The public sector oil companies ONGC Videsh (OVL), Oil India (OIL), Indian Oil Corporation (IOC), and Bharat PetroResources (BPRL) are stuck in Russia and have parked well over $300 million of their dividend income from their investments in Russian projects there.

The cause? difficulties with payment channels following Russia’s invasion of Ukraine in February 2022.

A number of significant Russian banks were immediately barred from using the Society for Worldwide Interbank Financial Telecommunication (SWIFT) system for processing financial transactions, severely restricting Moscow’s access to the international payments system.

In an effort to control currency rate volatility, the Russian government has also restricted the repatriation of dollars.

The Russian government has also put restrictions on the repatriation of dollars in an effort to reduce the volatility of exchange rates.

Indian public sector businesses have committed tens of billions of dollars to acquire stakes in Russian oil and gas production projects throughout the years. As India is significantly dependent on energy imports, these investments, which according to one estimate total about $6 billion, are a part of its energy security policy. These agreements have been greatly influenced by India and Russia’s long-standing strategic alliance.

Oil and Natural Gas Corporation (ONGC)’s foreign investment division, OVL, has a 20% share in the Sakhalin-1 project and a 26% stake in the Vankorneft field. Imperial Energy, which has fields in Siberia, is also owned by it. Vankorneft and Taas-Yuryakh Neftegazodobycha fields are owned by a consortium made up of IOC, OIL, and the upstream division of BPCL (Bharat Petroleum Corporation).

Prior to the Russian invasion of Ukraine in February 2022, Indian corporations were earning regular dividend revenue from their investments in Russia; however, since the conflict started, they have been unable to bring that cash home.

Although the Indian partners are receiving dividend payments from the Russian corporations managing the projects, the money is still building up in the Russian Commercial Indo Bank (CIBL). The Indian businesses are also getting some attention from it.

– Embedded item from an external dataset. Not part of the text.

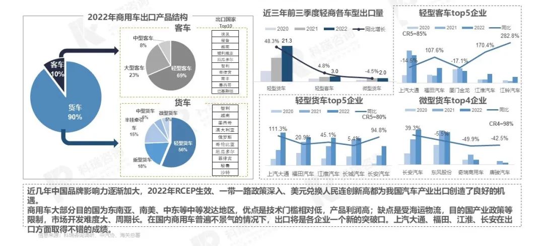 - 2022年1-9月,我国出口形势保持良好。1-9月份,我国出口汽车226.3万辆,同比增长51.6%,商用车42.1万辆,同比增长38.8%,其中货车出口37.8万辆,占比90%。而2021年全年我国出口商用车40.2万辆,2022年前三季度已经超过2021年全年的出口销量。

For dividend income stored at CIBL, no official information is available. A senior government official had claimed in April that dividends still held in Russia were currently valued at about $400 million. However, the true amount can be higher.

There are almost $300 million in unpaid dividends parked in CIBL for the partnership of IOC, OIL, and BPRL. OVL dividends are accumulating as well.

SBI and Canara Bank previously collaborated in CIBL, but Canara Bank recently transferred its ownership to SBI.

According to a senior government official, India and Russia have been constantly discussing the matter and are working to find a solution. The official did, however, note that although the dividend obligations are not trivial, they are negligible in contrast to the total volume of oil traded between Russia and India and have no impact on it.

The Indian businesses have been considering practical alternatives for accessing and using that money, even if it cannot be promptly repatriated to India, as the government raises the issue with Moscow.

The funds might theoretically be used to partially cover India’s soaring imports of Russian petroleum. But a senior official from one of the consortium members noted that there are numerous obstacles along the way.

IOC and BPRL’s parent company BPCL both purchase Russian oil, while OIL does not. Second, funds are invested in Russian projects via special purpose entities (SPVs) created in other countries like Singapore. As a result, not only Russia and India but also any payment involving Russian oil in this situation would fall under the purview of the overseas territories.

It is important to note that Russia and its energy sector are subject to a number of Western sanctions. Cross payments for Russian oil using this dividend income might therefore end up being a very complicated process from a tax and accounting perspective.

The dividend revenue may also be accessed and used for additional investments in the same projects in the future. But there is a problem because the investments made by Indian corporations have outlived their major capital expenditure cycle and are now producing assets. According to officials, this makes substantial cash calls or demands for more investment in the projects extremely unlikely in the short- to medium-term.